Guarantee/ Indemnity

Under Article III Rule 5, the shipper is deemed to have guaranteed to the carrier the accuracy at the time of shipment of the marks, number, quantity and weight, as furnished by him. Further, under Article III Rule 5, the shipper is to indemnify the carrier against all loss, damages and expenses arising or resulting from inaccuracies in such particulars. 
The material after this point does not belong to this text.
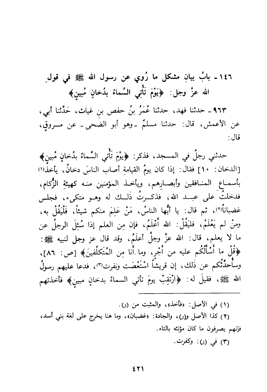 963 - حَدَّثَنَا فَهْدٌ، حَدَّثَنَا عُمَرُ بْنُ حَفْصِ بْنِ غِيَاثٍ، حَدَّثَنَا أَبِي، عَنِ الْأَعْمَشِ قَالَ: حَدَّثَنَا مُسْلِمٌ وَهُوَ أَبُو الضُّحَى عَنْ مَسْرُوقٍ قَالَ: حَدَّثَنِي رَجُلٌ فِي الْمَسْجِدِ، فَذَكَرَ: {يَوْمَ تَأْتِي السَّمَاءُ بِدُخَانٍ مُبِينٍ} [الدخان: 10] فَقَالَ: إذَا كَانَ يَوْمُ الْقِيَامَةِ أَصَابَ النَّاسَ دُخَانٌ يَأْخُذُ بِأَسْمَاعِ الْمُنَافِقِينَ وَأَبْصَارِهِمْ وَيَأْخُذُ الْمُؤْمِنِينَ مِنْهُ كَهَيْئَةِ الزُّكَامِ فَدَخَلْتُ عَلَى عَبْدِ اللهِ فَذَكَرْتُ ذَلِكَ لَهُ، وَهُوَ مُتَّكِئٌ فَجَلَسَ غَضْبَانًا ثُمَّ قَالَ: " يَا أَيُّهَا النَّاسُ مَنْ عَلِمَ مِنْكُمْ شَيْئًا فَلْيَقُلْ بِهِ وَمَنْ لَمْ يَعْلَمْ فَلْيَقُلِ: اللهُ أَعْلَمُ، فَإِنَّ مِنَ الْعِلْمِ إذَا سُئِلَ الرَّجُلُ عَنْ مَا لَا يَعْلَمُ، قَالَ: اللهُ عَزَّ وَجَلَّ أَعْلَمُ، وَقَدْ قَالَ عَزَّ وَجَلَّ لِنَبِيِّهِ صَلَّى اللَّهُ عَلَيْهِ وَسَلَّمَ: {قُلْ مَا أَسْأَلُكُمْ عَلَيْهِ مِنْ أَجْرٍ وَمَا أَنَا مِنَ الْمُتَكَلِّفِينَ} [ص: 86] ، وَسَأُحَدِّثُكُمْ عَنْ ذَلِكَ إنَّ قُرَيْشًا اسْتَعْصَتْ وَنَفَرَتْ فَدَعَا عَلَيْهِمْ رَسُولُ اللهِ صَلَّى اللَّهُ عَلَيْهِ وَسَلَّمَ فَقِيلَ لَهُ {ارْتَقِبْ يَوْمَ تَأْتِي السَّمَاءُ بِدُخَانٍ مُبِينٍ} فَأَخَذَتْهُمْ -[422]- سَنَةٌ عَضَّتْ كُلَّ شَيْءٍ حَتَّى أَكَلُوا الْمَيْتَةَ وَالْعِظَامَ وَحَتَّى كَانَ الرَّجُلُ يَرَى مَا بَيْنَهُ وَبَيْنَ السَّمَاءِ كَهَيْئَةِ الدُّخَانِ مِنَ الْجَهْدِ فَقَالُوا: {رَبَّنَا اكْشِفْ عَنَّا الْعَذَابَ إنَّا مُؤْمِنُونَ} [الدخان: 12] ثُمَّ قَرَأَ: {إنَّا كَاشِفُو الْعَذَابِ قَلِيلًا إنَّكُمْ عَائِدُونَ} [الدخان: 15] فَكُشِفَ عَنْهُمْ فَعَادُوا فِي كُفْرِهِمْ: {يَوْمَ نَبْطِشُ الْبَطْشَةَ الْكُبْرَى إنَّا مُنْتَقِمُونَ} [الدخان: 16] ، فَعَادُوا فِي كُفْرِهِمْ فَأَخَذَهُمُ اللهُ فِي يَوْمِ بَدْرٍ وَلَوْ كَانَ يَوْمَ الْقِيَامَةِ لَمْ يُكْشَفْ عَنْهُمْ "

The cumulative effect of Article III Rule 3 and Article III Rule 5 is that the Master is to provide a bill of lading with the details set out in Rule 3 which includes “the apparent order and condition of the goods” but the guarantee and indemnity from the shipper arising from inaccurate details under Rule 5 does not cover any inaccurate details about the apparent order and condition of the goods.

Implied terms 

As there were express guarantees and indemnities under Article III Rule 5 of the Hague Rules for certain types of inaccurate information, the High Court and the Court of Appeal were of the view that there was no room for any implied terms of any guarantee or indemnity. 

Lessons learnt

As a result of the appeal, the Head Owner was left without any recourse against the Charterer. This however arose from the action commenced by the Receivers of the Cargo against the Head Owner which trickled down the chain of owners. If on the facts there was pre-existing damage, then arguably the Receivers’ claim would not have succeeded as the Head Owner would have had the defence of inherent vice under the Hague Rules. The Court of Appeal observed that the arbitrator’s award did not deal specifically with the Receivers’ claim in China and how they succeeded in their claim. It would follow that if the Receivers’ claim was dismissed (because of inherent vice), it is every likely that there would not have been any claims downward the chain of owners and therefore no claim by the Disponent Owner against the Charterer. 
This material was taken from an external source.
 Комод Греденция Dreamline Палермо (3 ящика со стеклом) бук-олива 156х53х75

One way of going around this difficulty is to have all contracts provide for disputes to be governed by a particular law or determined by a particular jurisdiction. These may reduce any possibility of any conflicting decisions. There was some speculation by the Court of Appeal that the Receivers’ claim may have applied Chinese law under which inherent vice was not a recognised concept. 

In the Tai Prize Case one of the reasons why the Court of Appeal held that there was no implied warranty of indemnity (on the condition of the Cargo) was there were express indemnities under the Hague Rules which were incorporated by the Charterparty and therefore there was no room for implication of terms. The Court of Appeal however did not say whether they would have decided differently if there was no incorporation of the Hague Rules. 

One way of going around this is to expressly state in the Charterparty that there is an indemnity on the condition of the Cargo as this will avoid the need to argue that there were implied terms. 

As the Court of Appeal has confirmed that the statements in a signed bill of lading are representations of facts, Masters have to be careful when signing them as they can give rise to a claim for misrepresentation if the statements are not correct. In the Tai Prize Case, it was held that the statement in the BL was correct but this, to a certain extent, was because the loading process was continuous and there was dust generated which prevented the Master from noticing any of the discolored soya beans. If on the facts of the Tai Prize Case, there was a disruption in the loading process and if the Master was given an opportunity to inspect the Cargo after the dust had settled and if the Master had still signed the BL stating the Cargo to be in apparent good order and condition, it is possible that the statement in the BL is not correct and the Master could be liable for misrepresentation. 

Application to Singapore law

Although the Tai Prize Case is a decision of the English courts, its decision is a persuasive authority under Singapore law. 

Therefore, should the same issues as in the Tai Prize Case have to be decided by a Singapore Court, it is likely that the Singapore Court will follow the decision of the English Court by reason of the later being (not binding but) persuasive.